With the reduction of sediments into the sea, the area of reed wetland, which is the key habitat of red-crowned crane, has been shrinking in the Yellow River Delta Nature Reserve, China. With Landsat Thematic Mapper (TM) images and field observations, we mapped the reed wetland using the knowledge inference technology. Six wetland types were extracted using a supervised classification method. To resolve the confusions between reeds and other wetland types, a set of rules were established. Firstly, reed wetland was separated from mudflat wetland, rearing and shrimp pond and water body by using the normalized digital vegetation index (NDVI). Secondly, reed wetland was distinguished from paddy field by using image texture information. Thirdly, the reed wetland was separated from the Chinese tamarisk by using the principal transformation. All these rules were built by using ERDAS Imagine's knowledge engineer. Reed wetland classification was conducted by using the neighbor analysis technology. The accuracy assessment shows that the knowledge-based classification obtained an overall accuracy of 89.02% and kappa coefficient of 0.89, which was better than the traditional supervised classification.

Paper Details

Date Published: 9 October 2009
PDF: 7 pages
Proc.
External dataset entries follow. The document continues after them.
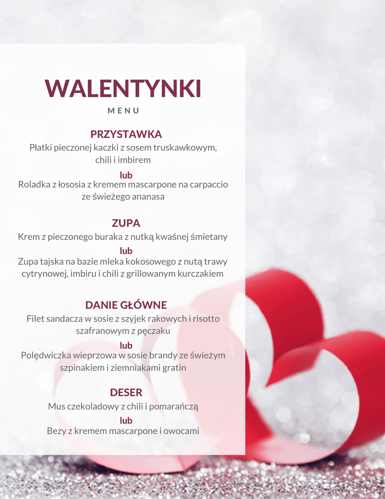 WALENTYNKI MENU PRZYSTAWKA Płatki pieczonej kaczki z sosem truskawkowym, chili i imbirem lub Roladka z łososia z kremem mascarpone na carpaccio ze świeżego ananasa ZUPA Krem z pieczonego buraka z nutką kwaśnej śmietany lub Zupa tajska na bazie mleka kokosowego z nutą trawy cytrynowej, imbiru i chili z grillowanym kurczakiem DANIE GŁÓWNE Filet sandacza w sosie z szyjek rakowych i risotto szafranowym z pęczaku lub Polędwiczka wieprzowa w sosie brandy ze świeżym szpinakiem i ziemniakami gratin DESER Mus czekoladowy z chili i pomarańczą lub Bezy z kremem mascarpone i owocami
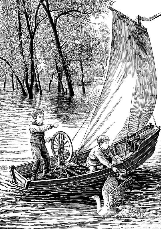 Мальчиков тянуло к воде, как уток. Летом они часами просиживали в пруду, ловя золотистых карасей в верши, сплетённые из лозы, и наблюдая за тем, как плотно наевшиеся гуси, затевая весёлую игру, носятся вперегонки по его зеркальной поверхности и, ленясь подняться на воздух, чертят лапками по воде.
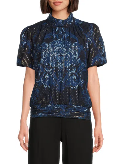KARL LAGERFELD Women's Printed Mock Turtleneck Top In Blue

SPIE 7471, Second International Conference on Earth Observation for Global Changes, 747111 (9 October 2009); doi: 10.1117/12.836336
Show Author Affiliations
Xiaomin Fu, Hohai Univ. (China)
Hong Wang, Hohai Univ. (China)
Ling Li, Hohai Univ. (China)


Published in SPIE Proceedings Vol. 7471:
Second International Conference on Earth Observation for Global Changes
Xianfeng Zhang; Jonathan Li; Guoxiang Liu; Xiaojun Yang, Editor(s)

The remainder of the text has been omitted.